May warns businesses to share wealth or face tide of populism

Theresa May has told global business leaders that their companies must pay more in tax and less to their executives or face being caught by a surge in populism.

In a powerful critique of business delivered at the World Economic Forum in Davos, the prime minister said that multinational companies could no longer afford to play “by a different set of rules to ordinary working people”. This meant businesses paying their fair share of tax, recognising their obligations and duties to their employees, and trading with smaller companies “in the right way”, she said.

Mrs May added that unless businesses responded to these issues, the forces of liberalism, free trade and globalisation that they all took for granted would be “called into question”.

“Across Europe parties of the far left and the far right are gathering support by feeding off an underlying and keenly felt sense among some people — often those on modest to low incomes living in relatively rich countries around the West — that these forces are not working for them,” she said. “And those parties, who embrace the politics of division and despair, feed off the sense among the public that mainstream political and business leaders have failed to comprehend their legitimate concerns for too long.”

She also urged businesses to provide greater accountability to shareholders.

Mrs May said that governments could not win the fight against populism alone.

Business needed “to spread the benefits” because too many people felt “left behind”. “If we are to make the case for free markets, free trade and globalisation, we must face up to the concerns people have and demonstrate the capacity to deliver for all,” she said.

“Business must show that everyone plays by the same rules. It means everyone paying their fair share of tax, recognising their obligations and duties to their employees and supply chains. All of us taking steps to address executive pay.”
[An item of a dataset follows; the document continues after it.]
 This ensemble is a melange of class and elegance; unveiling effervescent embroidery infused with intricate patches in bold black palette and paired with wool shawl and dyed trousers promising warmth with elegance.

Seizing the Leave campaign mantra, she added: “We have to step up and take control to make sure free trade and globalisation work for everyone.”

She invoked Britain’s long history of internationalism as she sought to change the narrative around Brexit. She characterised those who voted to leave the EU as people who “chose to build a truly global Britain”.

European politicians took issue with her threat to turn the UK into a tax haven if negotiations fail, though.

Wolfgang Schäuble, Germany’s finance minister, said that slashing taxes would undermine Mrs May’s vision of “a truly global” Britain. He said: “The UK has always agreed we will not use tax as an instrument for competition.”

Mrs May also defended Boris Johnson after the foreign secretary compared the president of France to a Second World War camp guard. The prime minister insisted that Mr Johnson had been making the same argument that she had made in her landmark Brexit speech this week.

She told the BBC: “The point that Boris was making was that, actually, it is in the interests of the countries who will remain in the European Union, and in the interests of the United Kingdom, to get a good trade deal, a trade deal that ensures we see the least possible disruption to our economies.”

The EU trade commissioner Cecilia Malmström said that Britain was at the bottom of the queue when it came to negotiating a trade agreement. “We are negotiating 15-16 trade deals at the moment so we are busy,” she said.

Simon Collins, UK chairman of KPMG, was among business leaders who welcomed Mrs May’s speech. “The prime minister has sent a clear signal of intent to build on Britain’s heritage as a strong multicultural trading nation and establish the country as the global leader of free trade,” he said. Business leaders should “stop hand-wringing” and “start an action plan”, he added.